This short National Park Service video reveals the creek's attraction, and explains mysterious 'surge flow'! Length: 70 seconds 2017

Also available to watch on YouTube:

 
Medano Creek bed with no water, and snow-capped Mount Herard behind
The Medano Creek bed is dry at the main Dunes Parking Area.

NPS Photo

Current and Forecast Flow

Current Conditions

as of January 20, 2021

Refresh this page for the latest information.

The Medano Creek bed is dry this time of year at the Dunes Parking Area.The creek is frozen at Castle Creek Picnic Area on the eastern side of the dunefield along Medano Pass Primitive Road, accessible via high-clearance 4-wheel drive.

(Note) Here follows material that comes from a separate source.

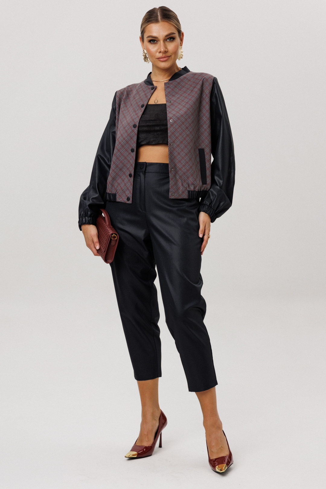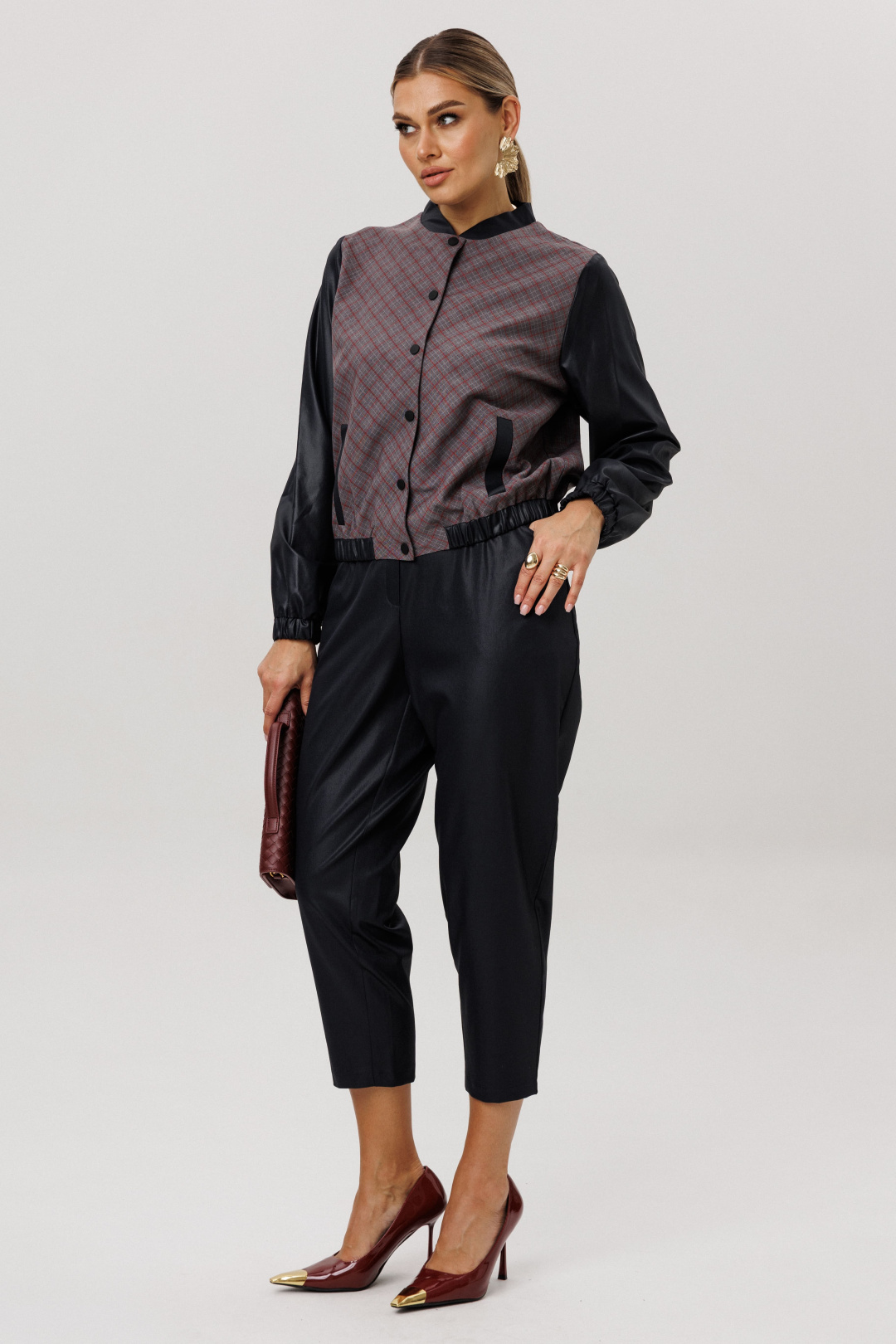 Эти брюки заужены к низу, что позволяет носить их с любым видом обуви. Также, вы можете составить образы с топом 767 и бомбером 1378 как на модели.

With a standard passenger vehicle, Castle Creek is a 1.5 mile (2.4 km) hike from Point of No Return, a trailhead located 1 mile (1.6 km) from the southern entrance of Medano Pass Primitive Road. Hike 0.8 mile (1.3 km) from Point of No Return on the trail to Sand Pit Picnic Area, then continue up the creekbed 0.7 mile (1.2 km) to Castle Creek Picnic Area.

2022 Season Forecast Flow

Medano Creek's seasonal flow around the dunes is dependent on snowpack in the mountains where it originates. As of January 20, snowpack in Medano Pass is only 52% of average for this date. The majority of snowfall typically occurs in March and April, so final snowpack totals and forecast flow won't be known until then. Continue to check this page during winter and spring for snowpack updates and forecast flow for the 2022 season. See below for what to expect each month of the season in an average year.

 
Chart showing Medano Creek's flow - click on the image for current flow.
Click on the chart image for up-to-the-minute flow in Medano Creek.

NRCS

Check Up-To-The-Minute Flow

See the current flow and trend of Medano Creek as a graph.
(Available spring through fall). The creek's flow on this graph is measured where it emerges from the forest and first enters the dunefield, not where it spreads out across the sand 5 miles downstream. This measurement gives an indication of the current flow relative to average peak flow. Peak flow in an average year is 40 cubic feet per second (cfs), typically occurring in late May or early June.

 
Medano Creek Waves and Family, 2015
Family Splashing in Waves

NPS/Patrick Myers

Weather and Conditions to Expect

Weather forecasts and information for Great Sand Dunes are available on the park's weather page. Also learn what Conditions to Expect Each Month at the park.

 

Medano Creek Month-by-Month in an Average Year


Below are typical creek conditions for each month of an average season. Less or more snowpack will affect the depth and duration of the creek. See also overall conditions to expect at Great Sand Dunes each month of the year.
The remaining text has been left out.